BEGIN DATA SUPPLIED

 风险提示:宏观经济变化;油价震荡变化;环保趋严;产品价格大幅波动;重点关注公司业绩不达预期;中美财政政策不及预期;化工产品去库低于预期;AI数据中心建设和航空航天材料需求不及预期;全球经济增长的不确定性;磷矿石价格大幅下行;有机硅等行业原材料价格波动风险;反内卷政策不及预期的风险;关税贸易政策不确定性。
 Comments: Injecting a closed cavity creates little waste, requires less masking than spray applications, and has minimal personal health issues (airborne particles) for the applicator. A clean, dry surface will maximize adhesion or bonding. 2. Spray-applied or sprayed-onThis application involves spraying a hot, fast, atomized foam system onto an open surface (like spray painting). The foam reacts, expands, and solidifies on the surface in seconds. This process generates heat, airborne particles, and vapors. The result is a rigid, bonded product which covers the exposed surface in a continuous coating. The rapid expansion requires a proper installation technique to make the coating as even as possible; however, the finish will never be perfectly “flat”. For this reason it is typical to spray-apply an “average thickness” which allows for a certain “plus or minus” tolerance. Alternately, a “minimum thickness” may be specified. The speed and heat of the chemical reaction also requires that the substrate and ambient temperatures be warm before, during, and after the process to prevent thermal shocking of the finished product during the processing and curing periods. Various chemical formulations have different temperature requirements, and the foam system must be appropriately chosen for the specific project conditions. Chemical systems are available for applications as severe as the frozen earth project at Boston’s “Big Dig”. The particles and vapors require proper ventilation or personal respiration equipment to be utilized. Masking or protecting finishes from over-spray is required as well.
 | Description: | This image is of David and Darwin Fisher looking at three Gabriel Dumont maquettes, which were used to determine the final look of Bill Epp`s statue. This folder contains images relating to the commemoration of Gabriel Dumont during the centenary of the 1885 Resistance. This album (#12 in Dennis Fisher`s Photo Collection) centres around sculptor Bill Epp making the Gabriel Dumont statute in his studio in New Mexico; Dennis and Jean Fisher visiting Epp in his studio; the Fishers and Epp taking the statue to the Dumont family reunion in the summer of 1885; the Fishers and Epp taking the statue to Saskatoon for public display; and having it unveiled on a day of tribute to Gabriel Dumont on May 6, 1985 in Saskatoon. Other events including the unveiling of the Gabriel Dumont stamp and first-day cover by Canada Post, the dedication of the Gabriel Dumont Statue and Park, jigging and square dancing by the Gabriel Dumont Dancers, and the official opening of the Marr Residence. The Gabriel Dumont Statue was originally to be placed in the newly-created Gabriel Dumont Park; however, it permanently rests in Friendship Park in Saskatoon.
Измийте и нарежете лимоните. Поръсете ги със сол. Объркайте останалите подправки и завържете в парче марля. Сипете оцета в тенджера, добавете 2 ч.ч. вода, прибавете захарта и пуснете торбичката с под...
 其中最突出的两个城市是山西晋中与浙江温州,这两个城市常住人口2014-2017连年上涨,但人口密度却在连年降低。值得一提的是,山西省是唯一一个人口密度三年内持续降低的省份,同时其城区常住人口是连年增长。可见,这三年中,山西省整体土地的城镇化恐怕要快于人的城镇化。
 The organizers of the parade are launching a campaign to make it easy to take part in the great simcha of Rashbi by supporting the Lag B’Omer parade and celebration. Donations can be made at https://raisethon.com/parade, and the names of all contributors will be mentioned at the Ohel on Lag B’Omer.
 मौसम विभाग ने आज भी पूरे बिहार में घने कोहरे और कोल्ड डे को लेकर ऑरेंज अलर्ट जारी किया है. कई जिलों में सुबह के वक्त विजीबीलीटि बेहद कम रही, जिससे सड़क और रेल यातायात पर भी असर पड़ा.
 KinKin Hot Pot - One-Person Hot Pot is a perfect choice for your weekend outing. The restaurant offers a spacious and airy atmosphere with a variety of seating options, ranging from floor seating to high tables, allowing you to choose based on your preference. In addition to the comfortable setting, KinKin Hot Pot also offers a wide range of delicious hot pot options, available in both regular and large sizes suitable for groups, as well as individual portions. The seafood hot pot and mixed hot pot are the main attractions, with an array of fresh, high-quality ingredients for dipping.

END DATA SUPPLIED

ASSIGNED TASK
Please return every line in the data that includes the string "from".

WRITTEN SOLUTION
 Comments: Injecting a closed cavity creates little waste, requires less masking than spray applications, and has minimal personal health issues (airborne particles) for the applicator. A clean, dry surface will maximize adhesion or bonding. 2. Spray-applied or sprayed-onThis application involves spraying a hot, fast, atomized foam system onto an open surface (like spray painting). The foam reacts, expands, and solidifies on the surface in seconds. This process generates heat, airborne particles, and vapors. The result is a rigid, bonded product which covers the exposed surface in a continuous coating. The rapid expansion requires a proper installation technique to make the coating as even as possible; however, the finish will never be perfectly “flat”. For this reason it is typical to spray-apply an “average thickness” which allows for a certain “plus or minus” tolerance. Alternately, a “minimum thickness” may be specified. The speed and heat of the chemical reaction also requires that the substrate and ambient temperatures be warm before, during, and after the process to prevent thermal shocking of the finished product during the processing and curing periods. Various chemical formulations have different temperature requirements, and the foam system must be appropriately chosen for the specific project conditions. Chemical systems are available for applications as severe as the frozen earth project at Boston’s “Big Dig”. The particles and vapors require proper ventilation or personal respiration equipment to be utilized. Masking or protecting finishes from over-spray is required as well.
 KinKin Hot Pot - One-Person Hot Pot is a perfect choice for your weekend outing. The restaurant offers a spacious and airy atmosphere with a variety of seating options, ranging from floor seating to high tables, allowing you to choose based on your preference. In addition to the comfortable setting, KinKin Hot Pot also offers a wide range of delicious hot pot options, available in both regular and large sizes suitable for groups, as well as individual portions. The seafood hot pot and mixed hot pot are the main attractions, with an array of fresh, high-quality ingredients for dipping.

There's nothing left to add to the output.